The tank came out great!


----------



## Scribble (Mar 16, 2018)

Got to love the OA bath treatment


----------



## TRM (Mar 17, 2018)

Thanks everyone!
I wanted to keep as much of the original parts as possible but the saddle needed some help. I decided to use what was there and cover the seat pan with leather. I even kept the original ratty cardboard cover underneath!


----------



## Boris (Mar 17, 2018)

I too have always had a problem remembering which way my ass crack is supposed to go on the seat. I've been using a Sharpie to draw my lines, but it wears off quickly. I like your more permanent solution.


----------



## TRM (Mar 17, 2018)

Boris said:


> I too have always had a problem remembering which way my ass crack is supposed to go on the seat. I've been using a Sharpie to draw my lines, but it wears off quickly. I like your more permanent solution.

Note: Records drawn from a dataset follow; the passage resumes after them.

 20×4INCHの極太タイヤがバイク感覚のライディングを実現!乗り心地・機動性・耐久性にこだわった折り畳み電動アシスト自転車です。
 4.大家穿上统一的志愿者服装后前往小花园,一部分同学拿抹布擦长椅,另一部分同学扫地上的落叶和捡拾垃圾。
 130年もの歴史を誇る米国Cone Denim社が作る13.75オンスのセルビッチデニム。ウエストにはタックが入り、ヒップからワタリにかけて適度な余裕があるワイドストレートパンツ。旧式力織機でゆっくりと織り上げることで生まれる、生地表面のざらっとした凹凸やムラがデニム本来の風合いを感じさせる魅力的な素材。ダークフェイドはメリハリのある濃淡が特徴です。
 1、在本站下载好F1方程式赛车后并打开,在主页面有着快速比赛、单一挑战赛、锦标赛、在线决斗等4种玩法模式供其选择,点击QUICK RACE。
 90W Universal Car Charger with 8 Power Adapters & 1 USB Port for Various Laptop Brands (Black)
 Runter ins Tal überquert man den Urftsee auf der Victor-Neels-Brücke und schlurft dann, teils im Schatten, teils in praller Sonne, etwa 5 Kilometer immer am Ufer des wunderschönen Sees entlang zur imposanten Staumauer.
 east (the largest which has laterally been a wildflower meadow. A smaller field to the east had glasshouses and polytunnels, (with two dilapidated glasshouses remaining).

There's always more than one solution to any problem, glad I could help.


----------



## TRM (Mar 18, 2018)

The original fender light was only half there and what was left was completely trashed (see the first post), so I substituted a horn to fill the space. It's no headlight but it looks like it could have been there all along! Not sure if it works yet, but it's staying either way.


----------



## TRM (Mar 19, 2018)

Decision time!

I finished everything yesterday and tried on a few sets of bars. My initial thoughts from the beginning was to keep the original bars but it turned out that they are bent to much to keep. I dug into my stash and found a couple of suitably sized bars that are not shaped like the original but are the right look for this little cruiser. One set is totally brown from rust (keeping with the ratty theme) and the other is worn but decent chrome that goes well with the new chrome wheels. Also just for fun I put a set of apes on it for a hot rod look. I've never been a fan of ape hangers but it does work well with this bike and also makes it ridable (barely) for a bigger kid like me!

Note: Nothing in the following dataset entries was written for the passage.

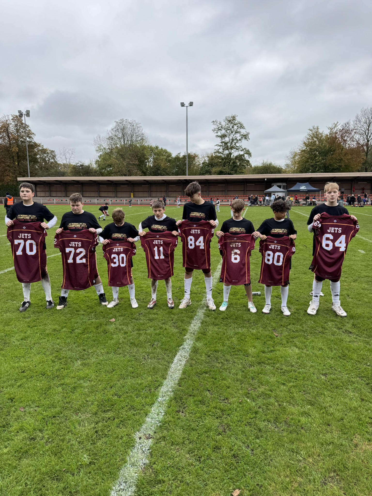 In einem packenden Spiel bewiesen die Future Jets eindrucksvoll ihr Können. Sie spielten hochkonzentriert und als geschlossenes Team gegen eine starke Düsseldorfer Mannschaft. Die mitgereisten Fans feuerten unser Team lautstark an und trieben die Spieler immer wieder nach vorne. Am Ende stand ein beeindruckendes 42:0 für die U13 der Troisdorf Jets auf der Anzeigetafel – und damit auch fest: Wir sind die Champions der NRW U13 2024!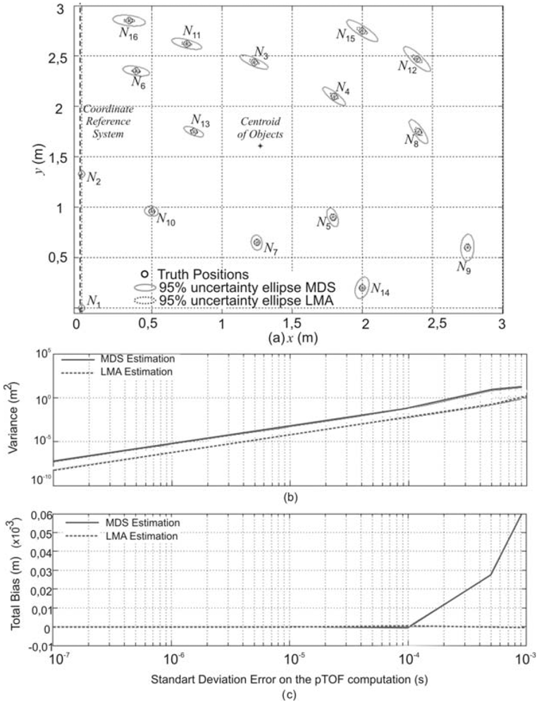 Figure 5a shows the 95% uncertainty ellipses (2σ) obtained around the estimated coordinate when the pTOFs have a Gaussian noise with a standard deviation σ = 100μs. Using LMA for optimization it is possible to achieve a closer solution for the coordinate estimation, as shown with dotted lines in Figure 5a. Also, a characterization of the position algorithms through the total bias and total variance in the coordinate estimation has been carried out. In this case, different standard deviations in the measurement errors have been considered. As shown in Figure 5b, the results obtained by LMA have a smaller variance in the coordinate estimation for all the nodes. On the other hand, both estimators are unbiased, even in those cases where the considered standard deviation is σ = 100μs (see Figure 5c), what implies an error in the distance measurements around 3 cm.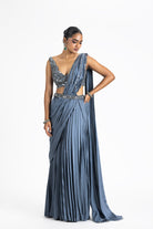 Charcoal Grey Satin Draped Saree With A Pleated Skirt And Silver Mirrorwork Embroidery On The Blouse And Pallu.
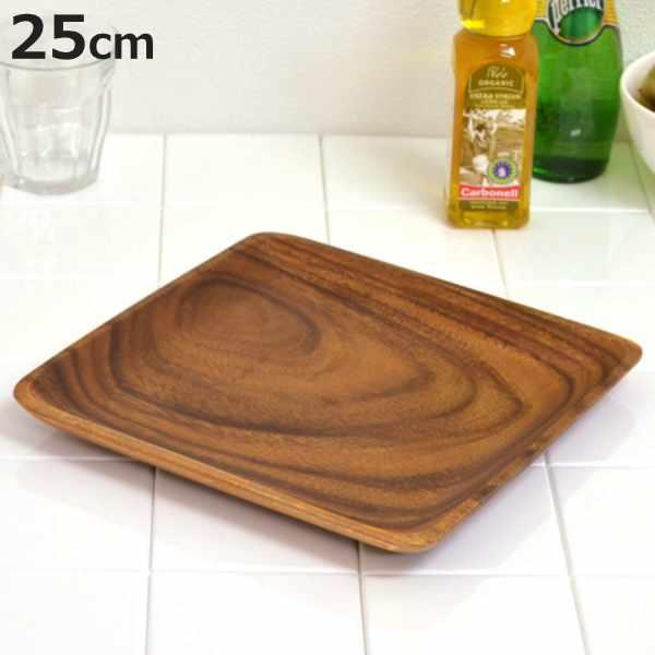 アカシア プレート 25cm 角皿 木製 ( 木製プレート お皿 皿 盛り皿 木製食器 角 スクエア メイン料理 大皿料理 キッチン用品 インテリア お盆 トレー 北欧風 おしゃれ )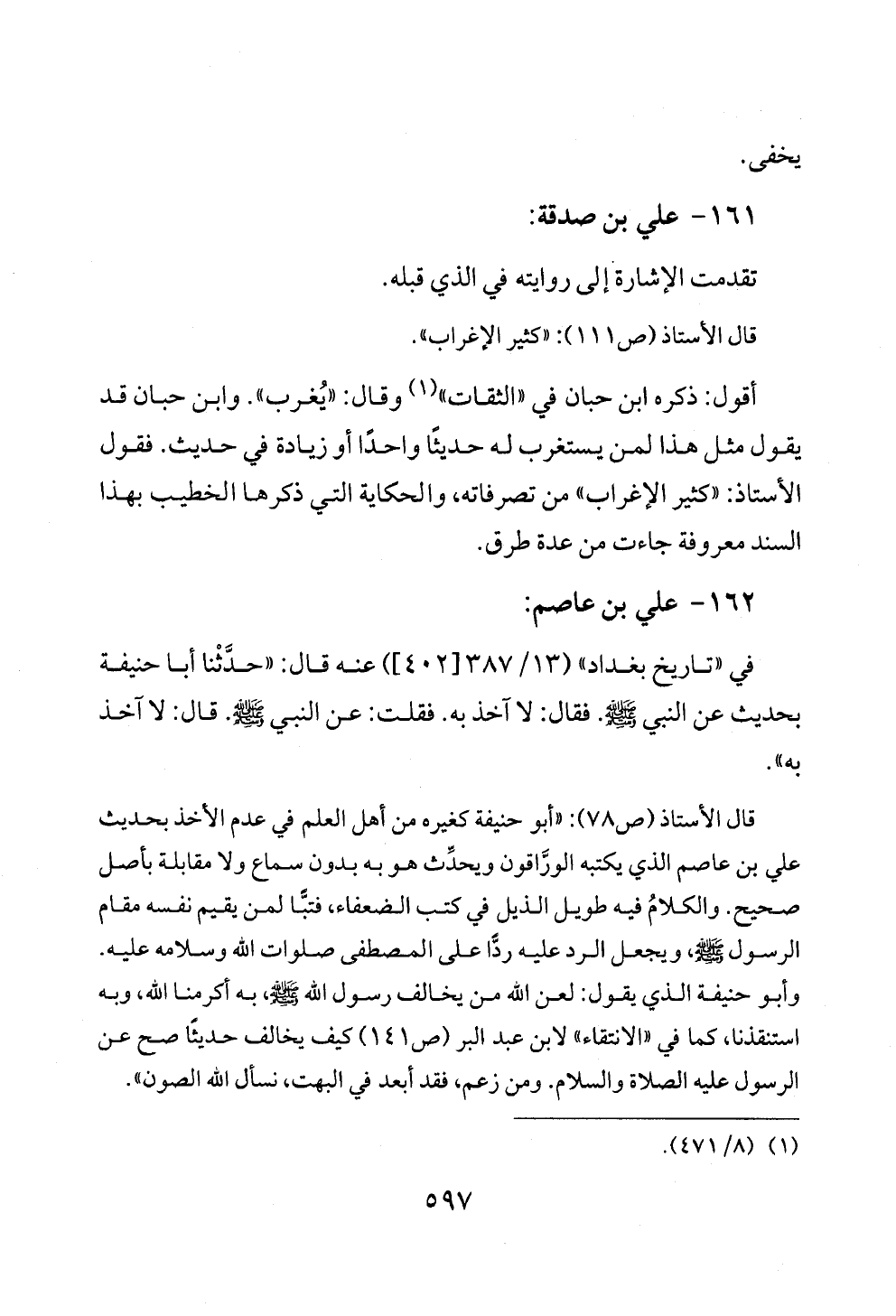 قال الأستاذ (ص ٧٨): «أبو حنيفة كغيره من أهل العلم في عدم الأخذ بحديث علي بن عاصم الذي يكتبه الورَّاقون ويحدِّث هو به بدون سماع ولا مقابلة بأصل صحيح. والكلامُ فيه طويل الذيل في كتب الضعفاء، فتبًّا لمن يقيم نفسه مقام الرسول - صلى الله عليه وسلم -، ويجعل الرد عليه ردًّا على المصطفى صلوات الله وسلامه عليه. وأبو حنيفة الذي يقول: لعن الله من يخالف رسول الله - صلى الله عليه وسلم -، به أكرمنا الله، وبه استنقذنا، كما في «الانتقاء» لابن عبد البر (ص ١٤١) كيف يخالف حديثًا صح عن الرسول عليه الصلاة والسلام. ومن زعم، فقد أبعد في البهت، نسأل الله الصون».

I have my preference but I thought it would be good to get some outside opinions since I'll be offering this up for sale this coming Saturday at the Get-A-Grip show in Cleveland TN.

 What do you think?


----------



## ADVHOG (Mar 19, 2018)

I like the browned bars best...fits well with the rest of the bike. Looks awesome.


----------



## alecburns (Mar 19, 2018)

ADVHOG said:


> I like the browned bars best...fits well with the rest of the bike. Looks awesome.




I second this. Someone who doesn't know what kind of handlebars this bike had originally would believe that it is original to the bike.


----------



## TRM (Mar 22, 2018)

All finished! The rusted cruiser bars won out in the end. I really like this little bike!


----------



## Kato (Mar 22, 2018)

Hit that bad boy with some boiled linseed oil 2-3 times wiping off after each time and it'll POP


----------



## TRM (Mar 22, 2018)

Kato said:


> Hit that bad boy with some boiled linseed oil 2-3 times wiping off after each time and it'll POP



 It has a coat on it. I don't want it to look too shiny or wet looking. 
Here's a before and after the boiled linseed oil:


----------



## Scribble (Mar 22, 2018)

TRM said:


> It has a coat on it. I don't want it to look too shiny or wet looking.
> Here's a before and after the boiled linseed oil:
> View attachment 775346




I always like the more matt finish when using the boiled linseed oil.


----------



## SKPC (Mar 25, 2018)

I've always leaned towards new but appropriate matching wheels on these older bikes.  It definitely encourages riding the bike more & if done right, doesn't detract from its' over-all look. Nice!


----------



## nycet3 (Mar 29, 2018)

This came out great. Really nice preservation & mods.


----------